You either need to limit applicants or increase tags... I would consider increasing tags the only palatable option.

An interesting case study is the Cache, South elk unit which recently (between 2017 & 2018 ) underwent a management plan change and increased the harvest age objective from 5.75 to 6.75 years old. That one year increase in desired harvest age resulted in a 20% decrease in tags allocated.

If potentially applied across the board... decreasing the age objective in every unit by one year would result in an approximate 20% increase in tags... I would be in favor. A similar exercise could be done with the buck: doe ratios for deer to reduce by 2 or 3 bucks per 100 does to increase the number of general and limited entry deer tags by approximately the same percentage.


----------



## Packout (Nov 20, 2007)

Placing a cap on the number of points one can have is the best way to stop point creep.

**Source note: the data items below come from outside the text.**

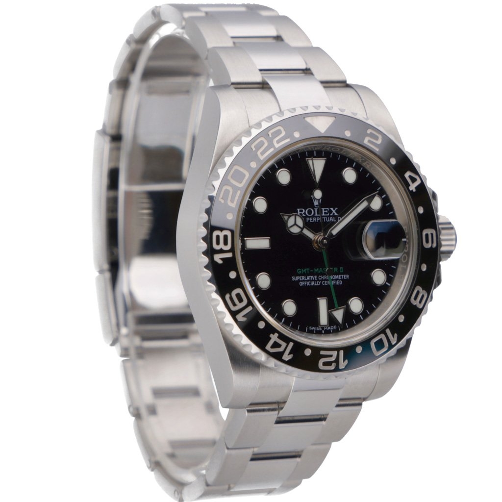 Powered by the Rolex Calibre 3186 automatic movement, the 116710LN provides exceptional accuracy, a 50-hour power reserve, and dual-time zone functionality — making it a favourite among frequent travellers and collectors. The green 24-hour hand, luminous hour markers, and robust construction highlight the GMT-Master II’s commitment to durability, legibility, and performance.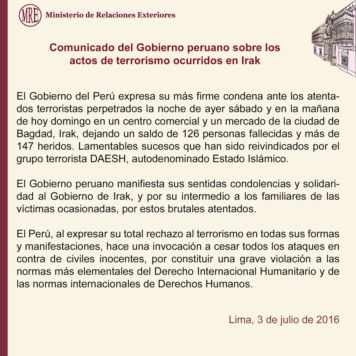 Gobierno peruano manifiesta sentidas condolencias y solidaridad al Gobierno de #Irak por atentados en #Bagdadpic.twitter.com/83HSOPppIS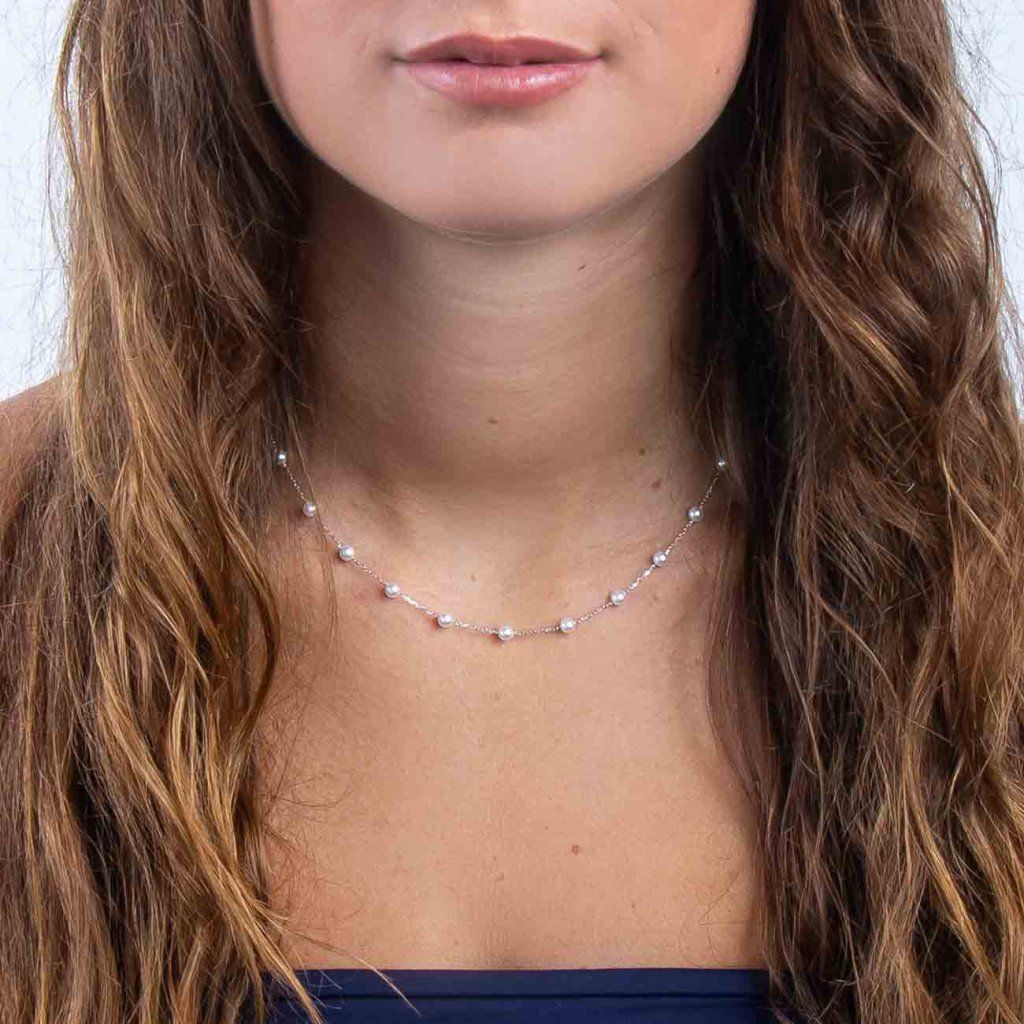 Ez a diszkrét ezüst nyaklánc rendszeresen elhelyezett gyöngyökkel gyengédnek és kifinomultnak tűnik. Ötvözi a gyöngyök finomságát és tisztaságát az ezüst finom csillogásával, harmonikus egészet alkotva, amely ideális mindennapi viseletre, mind ünnepi alkalmakra. Remekül illik más gyöngyös kiegészítőkhöz.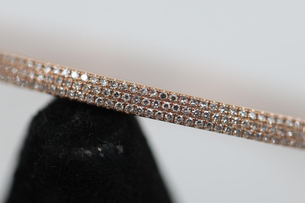 14K Stamped Rose Gold Bracelet with Many Small Diamonds. Total weight being 9 grams.
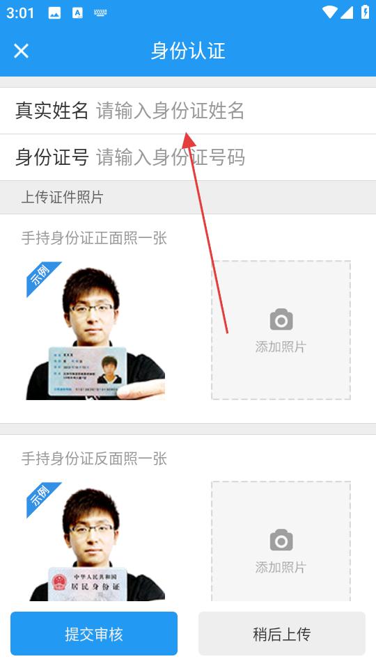 3、在身份認證頁面,依次填寫真實姓名、身份證號,按示例要求上傳手持身份證正面照、反面照,完成后點擊提交審核。

And the UDWR in the past has rescinded/taken away points. I had 3 or 4 points for the ML300 hunt and those disappeared. Not sure if/how they could do that again, but they have done it during the current point system. Also not saying they should.


----------



## DallanC (Jan 13, 2009)

Critter said:


> So how do you tell a fertile cow from a infertile cow? The only way that I know of to do that is to eliminate 75% of them and hope that luck is on your side.


Hair turning white around the nose? LOL ... you can definitely tell an older cow from a younger one side by side. I assume they just figure cows after X age are infertile. I'm sure enough data exists from farm raised elk to know when they are done.



Packout said:


> And the UDWR in the past has rescinded/taken away points. I had 3 or 4 points for the ML300 hunt and those disappeared. Not sure if/how they could do that again, but they have done it during the current point system. Also not saying they should.


Oh yea, I forgot about the old ML300 hunt... killed my first cow on that hunt.

-DallanC


----------



## RandomElk16 (Sep 17, 2013)

Critter said:


> Point creep affects both resident and non resident.
> 
> You need to come up with a idea that will start to flush out point holders.
> 
> So, I have made a few suggestions let's hear from some of you others that question what I come up with.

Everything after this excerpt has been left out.